A no-fuss eval tool for zapping through RAG and LLM evaluations!
It is a loose version of correctness evaluation in RAGAS framework.
Written for the busy folks like myself who are just too swamped to deal with the setup of professional eval tools.
As a result eval_to_go
is by no means a comprehensive, complete evaluation tool.
Instead, it's a simple way to get evaluations done in just a few lines of code, like when you need an eval in a PoC that was due yesterday.
In other words, you may well encounter cases that are not covered. However, it provides a foundation for evals based on another LLM acting as a judge, by modifying the prompt template or LLM output format, among other things.
For serious projects, consider using more appropriate tools such as the RAGAS framework or enterprise implementations like H2O.ai's Eval Studio.
Get up and running with Eval To Go
:
pip install eval_to_go
Eval To Go
supports both command-line and script-based interactions. Below are examples to kickstart your evaluation process:
Your input dataset must be structured in a CSV format with specific columns:
- question: The question intended to be answered by your RAG or LLM.
- ground_truth: The main essence of the expected response, which could be a single word or a short phrase.
- answer: The actual response provided by your RAG or LLM to the question.
Below is an example of how your input CSV file should be structured:
question | ground_truth | answer |
---|---|---|
What was the actual value of the customer satisfaction in 2022? | 0.75 | The actual value of the customer satisfaction metric in 2022 was 0.83. |
What was the target value for the customer satisfaction metric in 2022? | 0.7 | The target value for the customer satisfaction metric in 2022 was 0.70. |
What is Firm GmbH's number of customer accounts as of 31 December 2022? | 97945 | As of 31 December 2022, Firm GmbH had a total of 97,945 customer accounts. |
What are Firm GmbH's values? | Integrity, Transparency, Customer-Centricity, Sustainability, Social Responsibility | Firm GmbH values Customer-Centricity, Integrity, Transparency, Sustainability, and Social Responsibility. |
python -m eval_to_go.main openai --model gpt-3.5-turbo-0125 ./examples/sample_data.csv output_data.csv --verbose
import os
import pandas as pd
from typing import Dict, Any
from eval_to_go.models import OpenAILLM
from eval_to_go.evaluation import score_correctness
# Load your data
df = pd.read_csv("./sample_data.csv")
# Define a callback to process results
def my_callback(result: Dict[str, Any]):
print(json.dumps(result, indent=4))
# Configure the LLM
openai_llm = OpenAILLM(
api_key=os.environ.get("OPENAI_API_KEY"),
model="gpt-3.5-turbo-0125",
)
# Perform evaluation
score_correctness(df, openai_llm, inplace=True, callback=my_callback)
# Review results
print(df)
Similar to the OpenAI example, you can use Eval To Go
for evaluation using h2oGPT models as the judges.

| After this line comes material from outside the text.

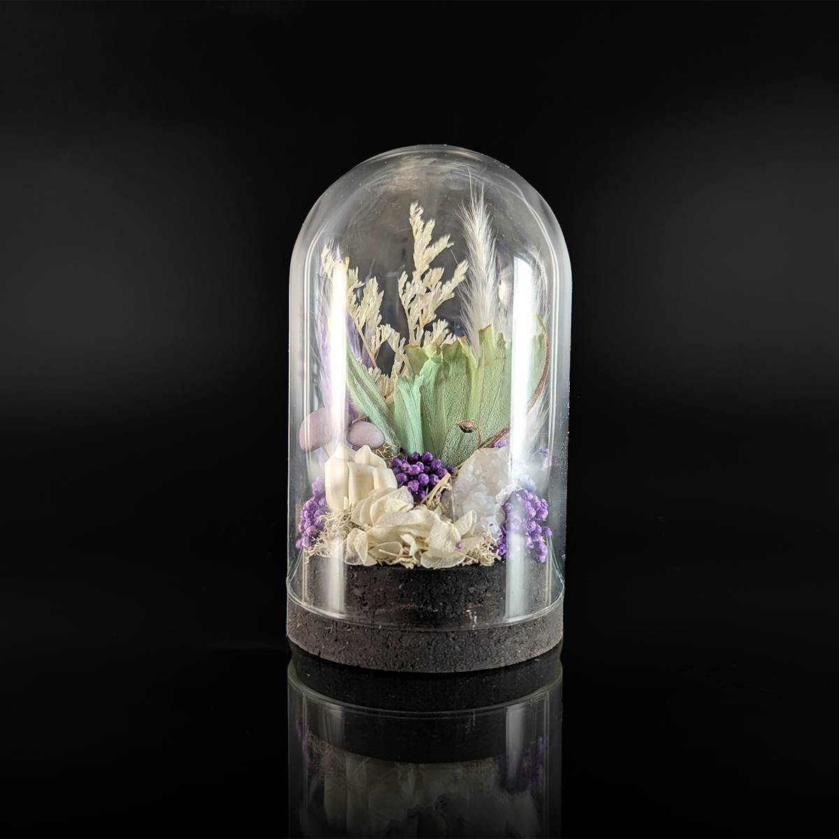 Tattered Luna Moth wing place in a nature white and purple setting. Enclosed in a 2.5 X 2.5 x 4 inch glass cloche with a cork base.

See the examples
dir or run_example.sh
for the additional examples.
At completion of the evaluation, the input dataset will have two additional columns to provide insights into the evaluation results:
eval_result
: A Boolean value indicating whether the LLM's answer matches the ground truth (True) or not (False).eval_reason
: A brief rationale behind theeval_result
value.
Here's how the output would look like for the sample dataset provided:
question | ground_truth | answer | eval_result | eval_reason |
---|---|---|---|---|
What was the actual value of the customer satisfaction in 2022? | 0.75 | The actual value of the customer satisfaction metric in 2022 was 0.83. | False | The GPT model's response (0.83) does not match the Ground Truth (0.75). |
What was the target value for the customer satisfaction metric in 2022? | 0.7 | The target value for customer satisfaction metric in 2022 was 0.70. | True | Accurate and relevant. |
What is Firm GmbH's number of customer accounts as of 31 December 2022? | 97945 | 97,945 | True | Accurate and relevant. |
What are Firm GmbH's values? | • Integrity • Transparency • Customer-Centricity • Sustainability • Social Responsibility | Firm GmbH's values are Customer-Centricity, Integrity, Transparency, Sustainability, Social Responsibility | True | Accurate and relevant. |
Contributions to Eval To Go
are welcomed, whether it's through bug reports, code enhancements, documentation improvements, or feature requests.
Eval To Go
is made available under the MIT License. For more details, see the LICENSE file in the project repository.